**What to produce:** Without changing a word, return the listing below, minus its images.

**Raw data:**
-- Opening Marker --
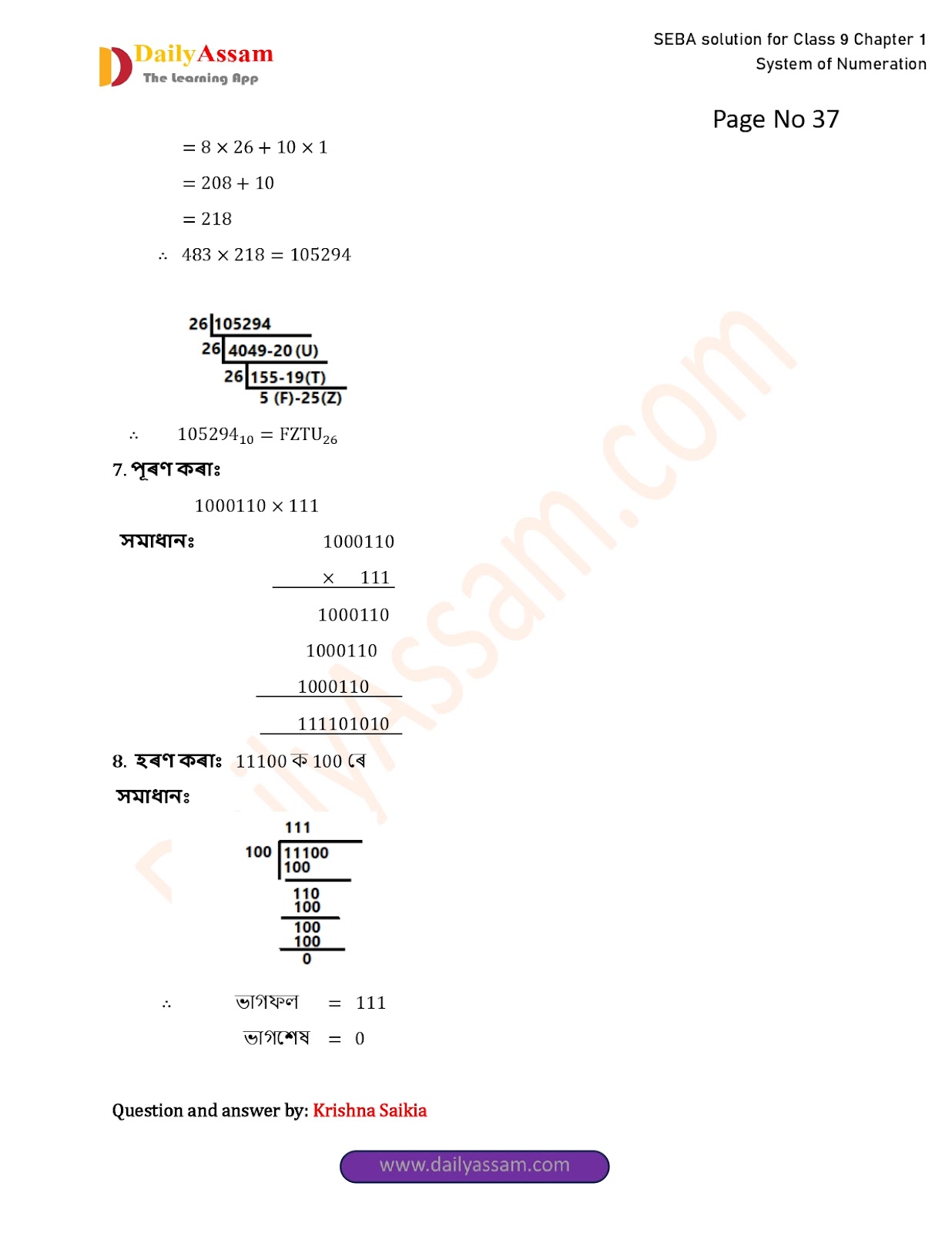 HomeClass 9 Advanced MathsSEBA Class 9 Advanced Mathematics Chapter 1 Solution | Assam Board Class 9 Advanced Mathematics Chapter 1 সংখ্যাকন পদ্ধতি ( System of numeration) Answer | 2025 -2026
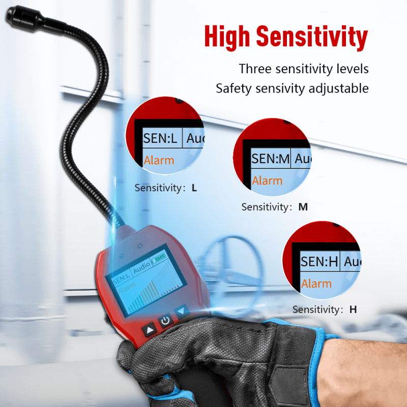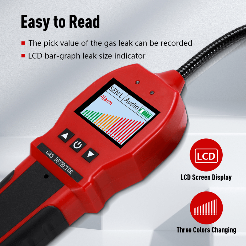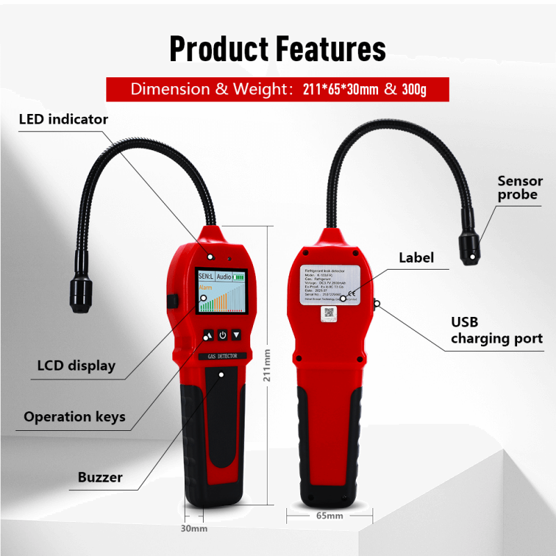 The detector utilizes an imported gas sensor that detects gas leak through natural diffusion, offering excellent sensitivity and repeatability. The case of the detector utilizes high-strength engineering plastic and composite anti-slip rubber, ensuring durability, a comfortable grip, and protection against water, dust, and explosions.
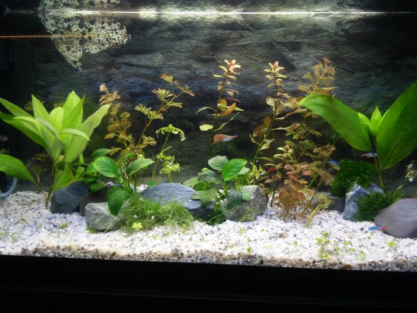Почти два месеца след стартирането на аквата. Преди няколко дни ми подариха корен с издънка криптокорина. Както се вижда едни растения са тръгнали да растат други тръгнаха към коша за мое съжаление. От почти две седмици торя активно но май започнах късно за кабомбата и някой други растения. Имах наченки на кафеви водорали който след започване на торене се махнаха...поне от стъклата. Мъховете потръгнаха, анубисите пускат по ново листо всяка седмица. Лимончето също се развива и след торенето новите листа нямат дупки и са свежи. Обмислям премахването на лумисцентното осветление и преминаване изцяло на диодно( на заплата ще наръчвам диодите и драйверите - 27 броя по 3w). Към края на месеца ще имам още "зарзават", както и обмислям още нови обитатели - 10 броя Родостомоси или Кардинали. На по късен етап обмислям и Ред Черита да пусна и на този етап това са ми плановете.
-- Closing Marker --
**Result of this exercise:**
 HomeClass 9 Advanced MathsSEBA Class 9 Advanced Mathematics Chapter 1 Solution | Assam Board Class 9 Advanced Mathematics Chapter 1 সংখ্যাকন পদ্ধতি ( System of numeration) Answer | 2025 -2026
 The detector utilizes an imported gas sensor that detects gas leak through natural diffusion, offering excellent sensitivity and repeatability. The case of the detector utilizes high-strength engineering plastic and composite anti-slip rubber, ensuring durability, a comfortable grip, and protection against water, dust, and explosions.
Почти два месеца след стартирането на аквата. Преди няколко дни ми подариха корен с издънка криптокорина. Както се вижда едни растения са тръгнали да растат други тръгнаха към коша за мое съжаление. От почти две седмици торя активно но май започнах късно за кабомбата и някой други растения. Имах наченки на кафеви водорали който след започване на торене се махнаха...поне от стъклата. Мъховете потръгнаха, анубисите пускат по ново листо всяка седмица. Лимончето също се развива и след торенето новите листа нямат дупки и са свежи. Обмислям премахването на лумисцентното осветление и преминаване изцяло на диодно( на заплата ще наръчвам диодите и драйверите - 27 броя по 3w). Към края на месеца ще имам още "зарзават", както и обмислям още нови обитатели - 10 броя Родостомоси или Кардинали. На по късен етап обмислям и Ред Черита да пусна и на този етап това са ми плановете.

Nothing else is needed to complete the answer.